What can corporate treasurers expect from the European Securities and Markets Authority (ESMA), which coordinates the work of European regulators on many topics of interest to the profession? At the recent AFTE conference, ESMA’s Executive Director, Natacha Cazenave, provided a comprehensive update. 

ESMA coordinates the application of European directives and regulations in the financial sector. This Paris-based organization is responsible for around 30 pieces of legislation, several of which concern treasurers directly, particularly in the areas of credit ratings, the distribution of financial products and post-trade regulation. “What can you expect from us? An authority that is open, pragmatic, attentive to your concerns and that strives to make clear rules that enable you to win market share,” ESMA Executive Director Natacha Cazenave told treasurers attending the recent AFTE conference. 
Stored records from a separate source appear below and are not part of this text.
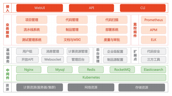 金融业敏捷转型势在必行,《金融科技发展规划(2022—2025年)》中提到,以产品敏捷交付为主线制定清晰研发工作规程(如图1),借助业务开发运维一体化(BizDevOps)快速迭代交付模式,持续优化完善产品开发和交付质量。大连银行结合云原生技术特点和实际研发协同诉求,建设一站式云原生开发运维一体化(DevOps)平台(如图2),积极开展敏捷文化试点推广和敏捷体制转型探索。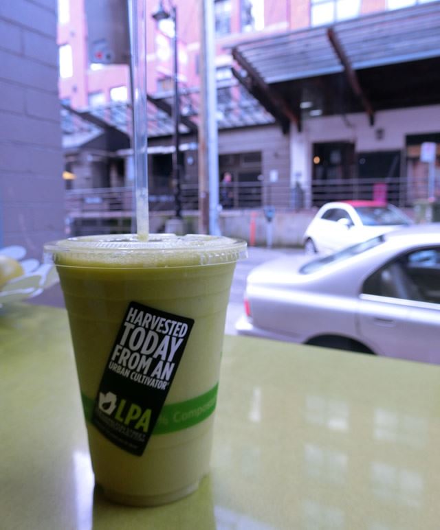 店内で草を栽培し、注文が入るとスムージーにしてくれます。新鮮なスムージーはとっても健康的!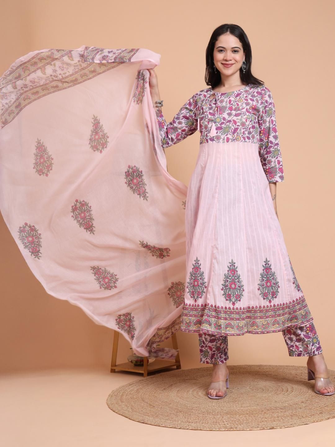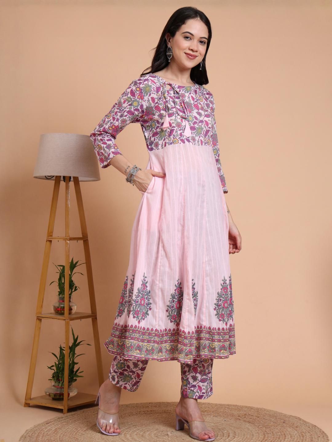 YASH GALLERY Women Printed Cotton Blend Kurta & Trousers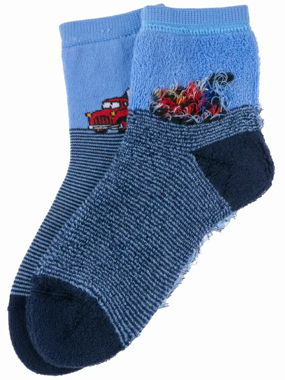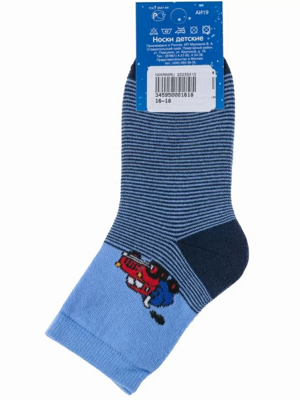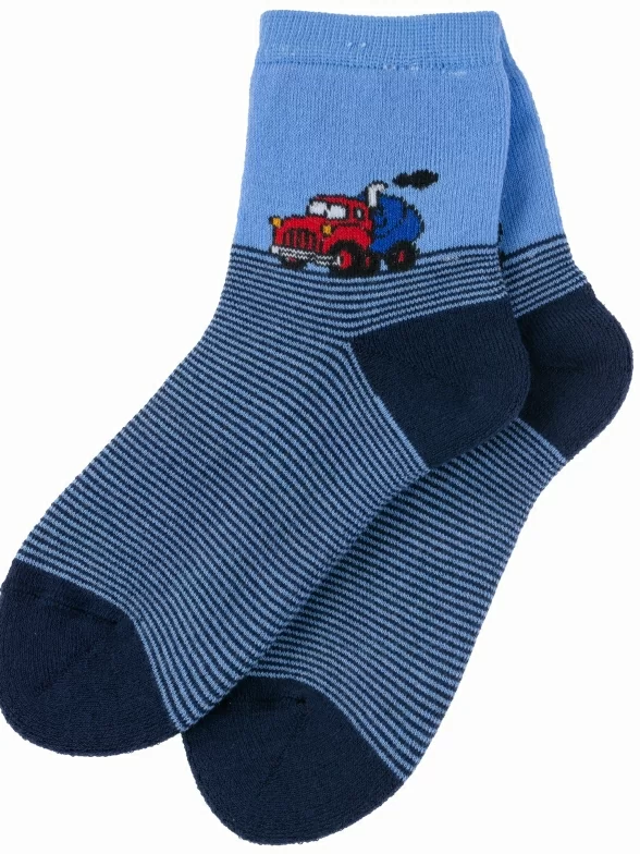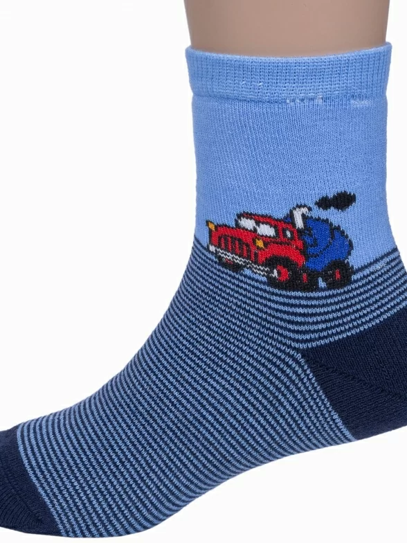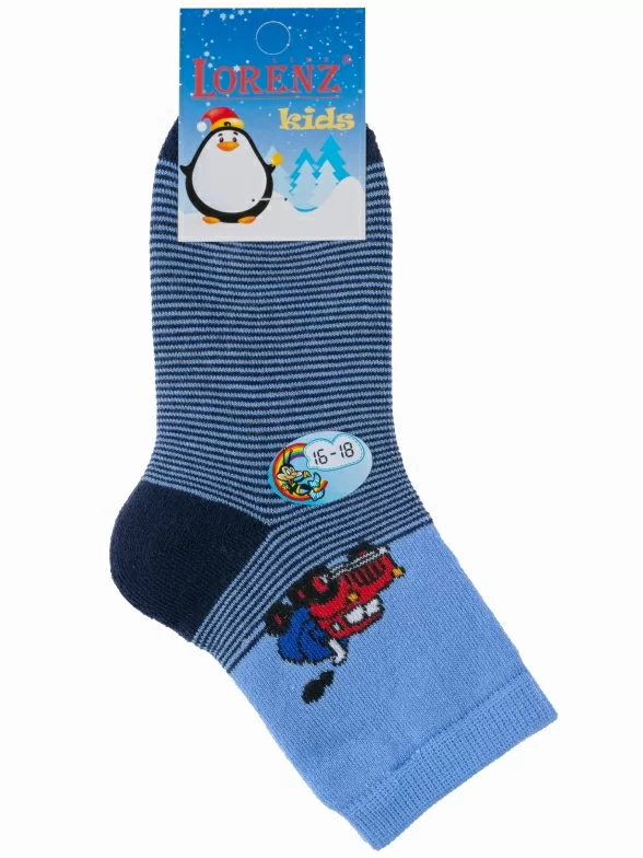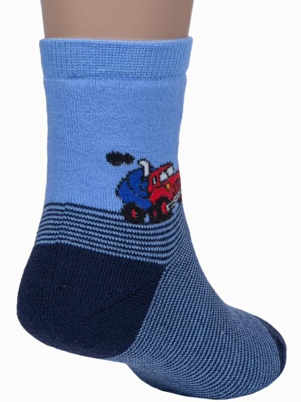 Зимние укороченные детские носки, цвет синий, теплые, махровые, повседневные, шов обычный (не бесшовные), принт (рисунок): транспорт, с узором, состав: 90% хлопок, 7% полиамид, 3% эластан (лайкра), арт. Л81. Производитель «ИП Мурзаков В.А., Ставропольский край, Россия» под брендом «Lorenzline».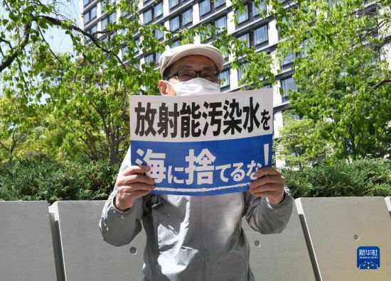 4月13日,在日本東京,一名男子手舉標語在日本國會眾議院第二議員會館前參加集會抗議。新華社記者 岳晨星 攝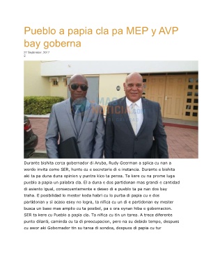 cu awor aki Gobernador tin su tarea di sondea, despues di papia cu tur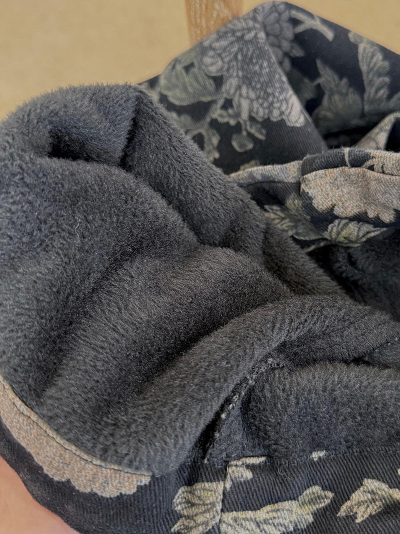 Women Winter Retro Flower Fleece-lined Harem Pants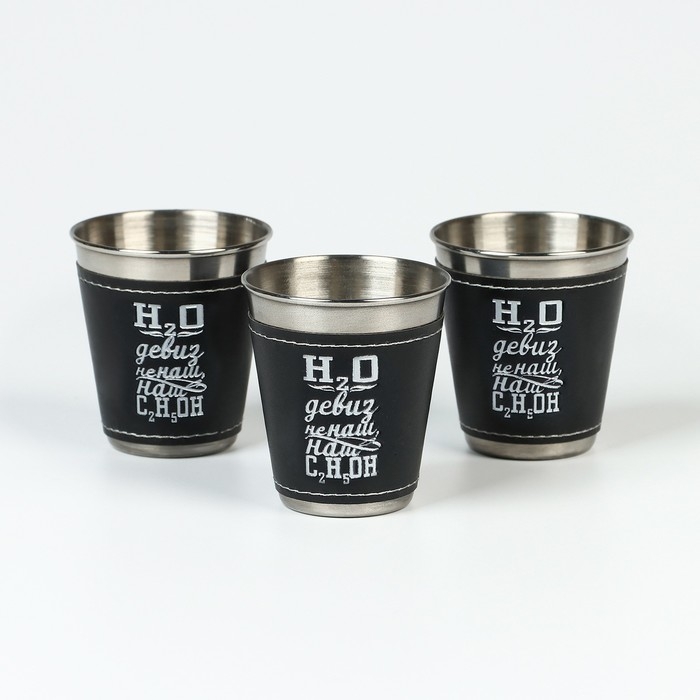 Набор стопок из 3 штук по 70 мл из пищевой нержавеющей стали в компактном чехле. Легкие и компактные, удобно брать с собой на отдых, рыбалку, охоту, природу или в путешествия.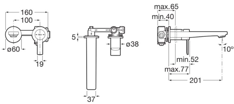 Μπαταρία Νιπτήρος Εντοιχιζόμενη Targa σε Balck Mat φινίρισμα απο την Roca.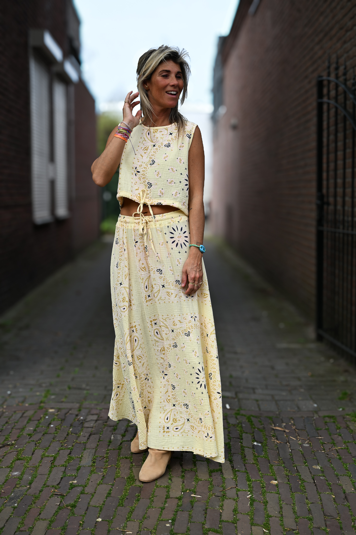 Heerlijke luchtige set (top en rok) van hydro stof. De rok heeft een elastische tailleband en aantrekkoord. De top heeft een knoopje in de nek zodat deze makkelijk aan en uit gaat. Dit onesize model draag je t/m maat L. Ik ben 1.76 lang, zo kun je goed inschatten hoe de set bij jou valt.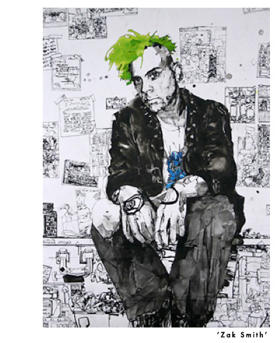 If you live under a rock and haven’t heard of him, Zak Smith is an artist best known for his “Pictures Showing What Happens on Each Page of Thomas Pynchon’s Novel Gravity’s Rainbow”, which was included in the 2004 Whitney Biennial. The title is pretty self-explanatory as to what the project was, a massive piece that covered over 750 pages from one of the most complicated novels ever written. Smith’s art is exquisite, intensely drawn with splashes of electric colors, sharp lines and energy throbbing in every complex detail.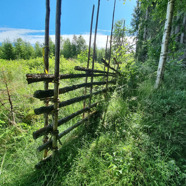 At the time of the Rackstad Colony artists, they liked to gather for festivities, both around Lake Racken and in Gylterud, Mangskog. Here lived among others the artist Alfred Ekstam and the architect Ludvid Mattsson, who grew up in Bjurbäcken, Mangskog. Mattsson kept a diary for many years and one of his depictions is about a walk from Rackstad to Gylterud, with a humorous touch. The stretch from Jössestugan to Agvattnet is part of the current Sotar Blixt Trail.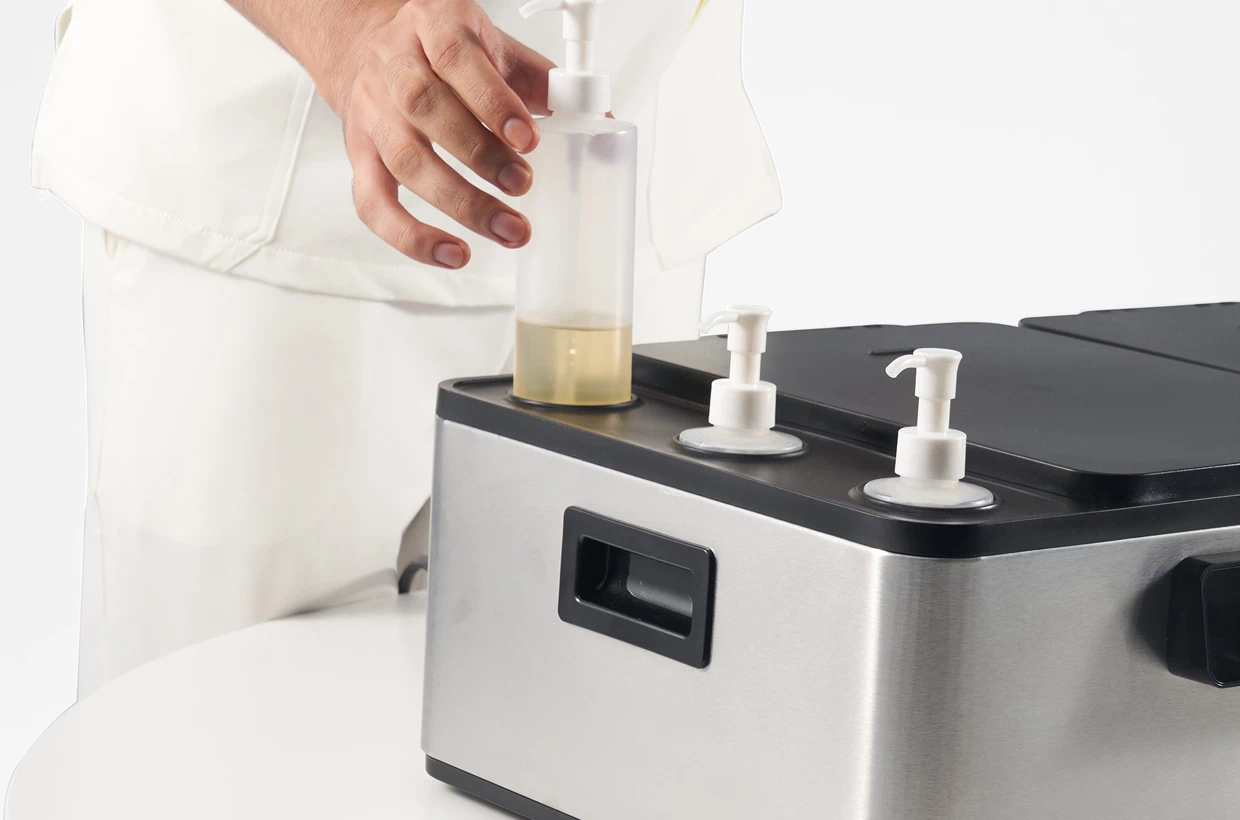 Egymástól független melegítés mindhárom masszázsolaj palackhoz 40-60°C tartományban. A készülékhez három darab 300 ml-es olajflakon tartozik adagolóval. A masszázsolaj ajánlott mennyisége az optimális melegítéshez 200 ml 1 flakonban.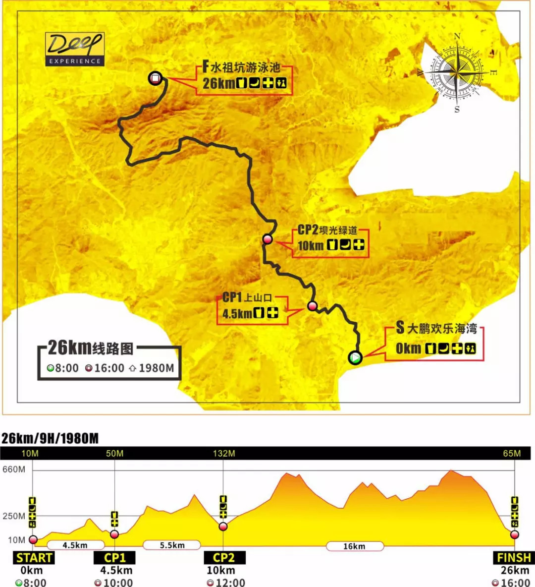起点 → 龙头石 → 鹏程村 → 大鹏坳——上山口(CP1) → 火烧天 → 葵涌坳 → 坝光绿道(CP2) → 绝望坡 → 田心山 → 白老石 → 水祖坑 → 终点,合计约26公里,爬升约2000米

CSRD and the Omnibus Directive

Ms Cazenave began by discussing the Corporate Sustainability Reporting Directive (CSRD) and the Omnibus directive, a set of proposed amendments by the European Commission to simplify and reduce the reporting burden that CSRD involves. 

 She recalled a basic principle: “Supervision of sustainability reporting remains the responsibility of the national supervisor”. ESMA brings these supervisors together to harmonize the implementation of sustainability reporting, with the aim of achieving “a common understanding and comparability for investors”. In other words, ESMA works to align national practices so that ESG reporting information is comparable from one market to another.  

She believes that companies’ criticism of CSRD has been heard. “People have pushed back and said ‘This is too much’”. It is in this context that “the Omnibus Directive is intended to simplify reporting” while ensuring that it remains “consistent with what other stakeholders, in particular bank lenders and market investors, need to produce their own regulatory reporting”. The stated objective is clear: to achieve “consistency between the texts” rather than adding successive layers of requirements that pile up with no real coordination. 

Europe in the lead

Europe has established a form of leadership in the field of sustainable finance. The outstanding amount of ESG bonds stands at EUR 2.4 trillion, two-thirds of which are green bonds. According to Natacha Cazenave, this is “a market that is functioning well and continuing to grow”. On 21 December 2024, a new regulation establishing a voluntary market label for funds that invest at least 85% of their assets in sustainable investments was adopted. Under this new framework, which will come into force in 2026, ESMA will be responsible for supervising these fund managers. “More than 30 have expressed an interest in being subject to the new regime.”  

ESG data providers and rating agencies to be treated differently

ESMA is adopting a different approach to ESG data providers and ESG rating agencies, with Ms Cazenave explaining that “There has been a decision not to regulate ESG data providers because there is no uniformity in this area”. ESG rating agencies, by contrast, will be supervised by ESMA. The regulator sees a clear dividing line between highly diverse data aggregators on one hand and rating agencies whose influence on investment decisions merits specific oversight on the other. 

Promoting innovation

Referring to digitalization, crypto assets, stablecoins and the tokenization of assets, Natacha Cazenave noted that “innovation, its abundance and the speed of its development are quite striking”. The EU’s Markets in Crypto-Assets (MiCA) regulation, which establishes a regulatory framework for these new assets, “has been closely watched by regulators in the US, UK and Asia because it is the first attempt to introduce a framework that regulates while still supporting innovation”. ESMA has indicated that it is now working on the authorization of market participants: “we are bringing together national authorities to ensure that a consistent response is provided in each member state when it comes to granting licences”. 

When discussing stablecoins, Ms Cazenave put the topic into perspective: “The amount outstanding – in the region of USD 250 billion – is very modest compared with the financial system as a whole”. On tokenisation, she also explained that ESMA acknowledges the simplification and beneficial use cases offered by stablecoins in diverse fields including post-trade processes and providing access to shares through derivatives. “We are trying to understand innovation, identify where it can support competitiveness and put safeguards in place where it poses risks for investors.” In other words, ESMA sees its role as to support useful innovation while regulating risks where they arise. 

United in diversity

ESMA is working to strengthen the autonomy and efficiency of European markets. Its aim is to support “the financing of priorities such as the digital transition, defence and the environment, which together form Europe’s strategic roadmap”. This is why the European Commission launched the Capital Markets Union in 2015. Although the union’s progress is often criticised as slow, it plays an important role in connecting European savings with investment needs.  

Asked about Christine Lagarde’s wish that ESMA become a kind of “European SEC”, Ms Cazenave acknowledged the flattering nature of the comparison but stressed that the US and European markets are profoundly different. On the one hand, the US is a federal state with a unified institutional architecture; on the other, the 27 member states of the EU must build a common project and share responsibilities in financial regulation.  

Natacha Cazenave made clear the need to preserve this specifically European model, tailored to this reality. “Despite the very strong cultural, historical and linguistic differences between member states, national supervisory authorities are learning and managing to build together. This collective effort is driven by the desire to contribute to the public good.” She concluded by recalling the Union’s motto: “United in diversity.”